Clearly, the answer has at least something to do with the (literally) goal-oriented nature of sports, and certainly of the American attitude toward sports (see also: American antipathy toward soccer and its single-digit scores). The time-honored tradition of the underdog making good can only be fully satisfied by a come-from-behind victory. A nod here can be made to Dan Clowes' Freudian analysis of sport-- one doesn't want to side with the forbidding father of the Oedipal Triangle. Ideally, in other words, you want to be rooting for something rather than its prevention... but how true is that to the actual experience of rooting for a team? A game is exciting when your team is behind, tense and uneasy when they're ahead. Both are vital aspects of the thrill of sport, but one has been largely left unexplored.
 
Filling Space

My plan is working! I have successfully alienated any and all current readers by going months without posting. Now that I know they won't be reading, on to building an entirely new audience by writing about how much I secretly hate my friends! AH-HAHAHAHAHAAAAA!*coughcoughcough*

*sigh*

I rarely remember my dreams. Last night I had one that I was downstairs at Cafe Saint-Ex and some guy I'd just met was giving me a haircut. I was watching in a mirror and it looked good... so I looked away for a few minutes. The next time I went to the bathroom my head was all shaved but for random sproutings here and there. Of course, every time I looked it would be an entirely different noxious haircut. After a while of running around looking for the guy to yell at him and possibly beat him up (come to think of it, the setting may have been inspired by the bizarre almost-barfight some friends and I witnessed at the Land of Exupery last night) I gave up, found some clippers, and shaved my head all the way down to even it up.

Thinking about the dream has reminded me that this was all a subplot in some kind of drug-running scam, except I think the drugs involved may have been cold medicine. Like all memories but moreso, trying to reconstruct the plot of the dream would be as much new invention as recollection, so I'll just stop now.

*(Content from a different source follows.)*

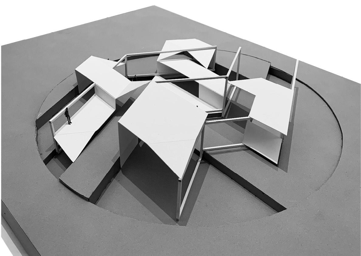 Fold Pavilion is a public space design in downtown Syracuse inspired by the architectural theory of Raumplan in Adolf Loos’ Villa Müller. As an analytical study of this seminal work of early modernism, Fold Pavilion extrapolates Loos’ Raumplan theory of interior spatial organization into a contemporary civic structure. Appropriating the layered geometries, split levels, and doubleheight voids of the iconic Villa Müller residence, Fold Pavilion translates these devices into an engaging urban intervention.

I have come to the conclusion that I have no idea what to do with this here 'blog. I am in the midst, you see, of a full-blown 'blogdentity crisis. I could use it to recount random events I witness or instigate, a la Mimi Smartypants or Izzle Pfaff (two 'blogs I only know, just so you know, through friends' online communities). Or I could scribe essays on interlinked musings like Snarkout. I could search out disturbing links, post them, and rant about the general uselessness of everything like Old Man Ellis does on DiePunyHumans. I could post on the minutiae of my uninteresting life like thousands of LiveJournalers. I could cave to my fundamentally introverted nature and pen endless self-analysis, trying to suss out the reasons I have a BA from an Ivy League university yet pass my time reading comic books and making lattes for local hipsters. I even have a ream of unpublished entries recounting the latest (you know, latest at the time) developments of the whole strange drama with The Cook (The Artist Formerly Known as Record Store Girl, for those of you who need that kind of a hook). I could even do my Redfox impression and tell you about the Kale and Cannellini I cooked up the other night (finally using some of that rosemary I've had growing on my back porch for the better part of a year).

Any suggestions, including those simply to pack it in and go back to foaming milk (link stolen from the abovementioned Redfox... it made me feel inordinately proud that, aside from the post-steam swirling, I'd figured all this out by trial and error over the past year or so, all without any real instruction... the Cafe, you see, uses the milk-foaming equivalent of tossing a kid off the dock to teach him to swim pedagogical method for new baristas), can be sent to me via Email. If you don't know my address, then what the hell are you doing reading this, huh!? Where tha Hell'd you find out about this useless little 'blog? Sheez, gedda life!